Where the line holding "Startseite | Dia/Foto" appears, start copying, and continue exactly through the last line of the listing, skipping pictures.
[SUPPLIED INFORMATION Boundary: Start]
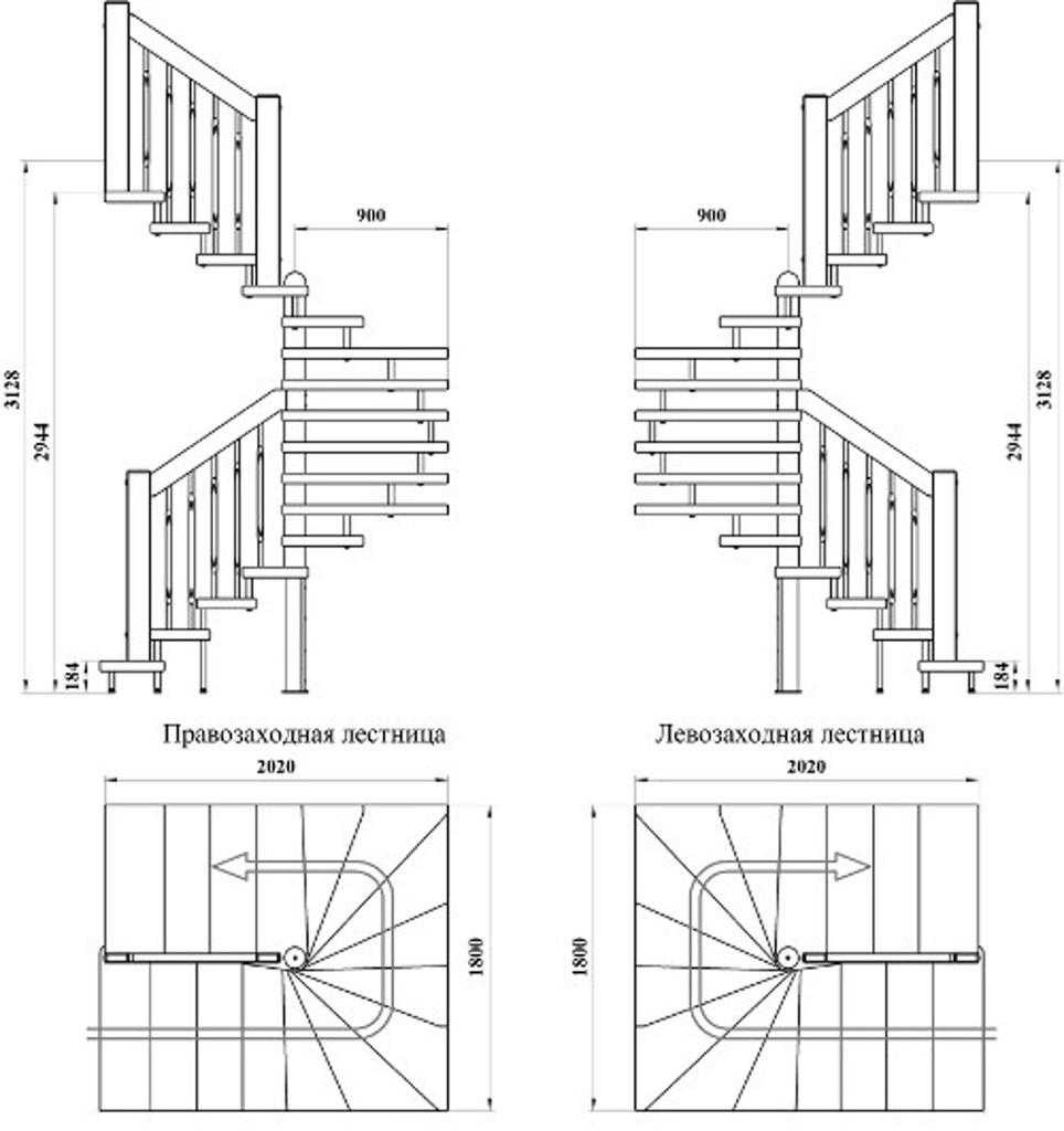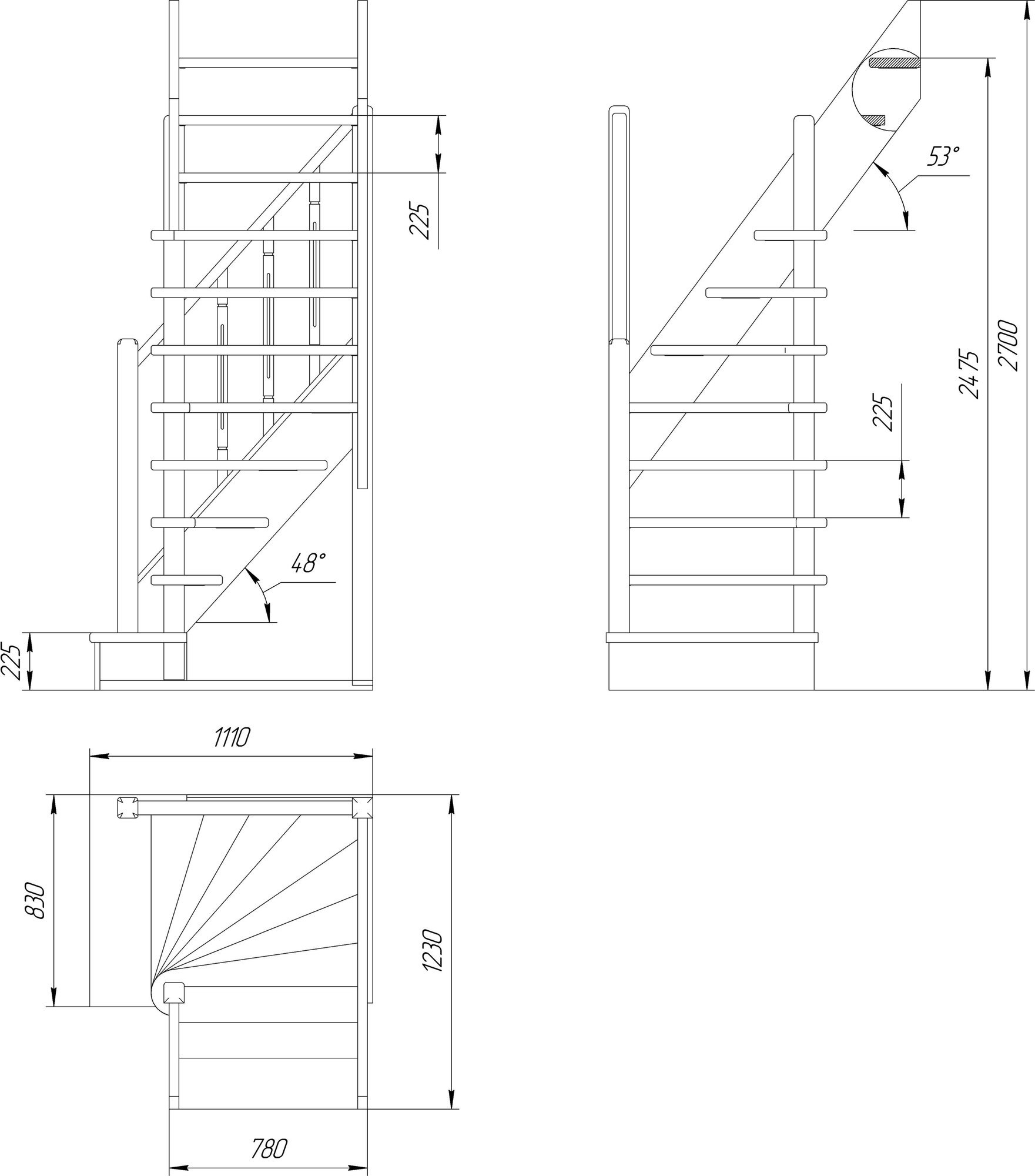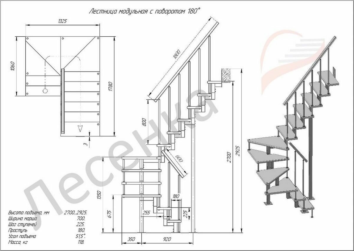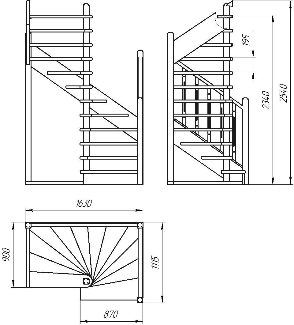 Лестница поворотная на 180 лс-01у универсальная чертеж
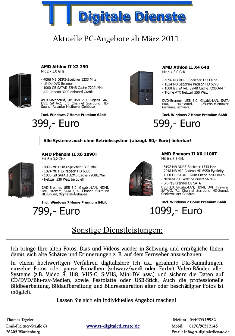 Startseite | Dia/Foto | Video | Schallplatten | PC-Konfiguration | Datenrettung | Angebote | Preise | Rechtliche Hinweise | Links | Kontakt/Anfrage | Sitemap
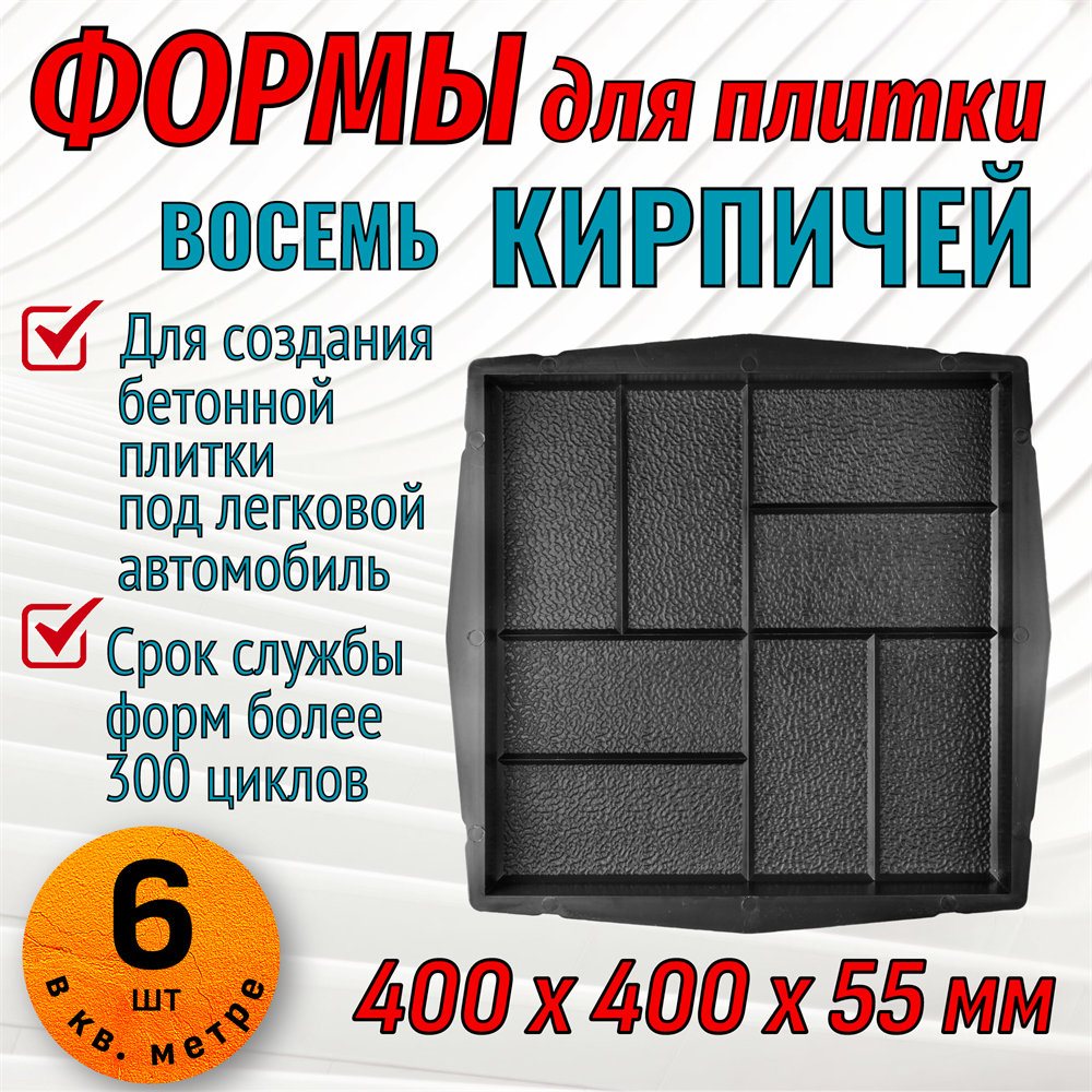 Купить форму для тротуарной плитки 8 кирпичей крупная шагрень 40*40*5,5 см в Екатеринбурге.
[SUPPLIED INFORMATION Boundary: End]
> **RESULT FOR THIS EXERCISE**
 Startseite | Dia/Foto | Video | Schallplatten | PC-Konfiguration | Datenrettung | Angebote | Preise | Rechtliche Hinweise | Links | Kontakt/Anfrage | Sitemap
 Купить форму для тротуарной плитки 8 кирпичей крупная шагрень 40*40*5,5 см в Екатеринбурге.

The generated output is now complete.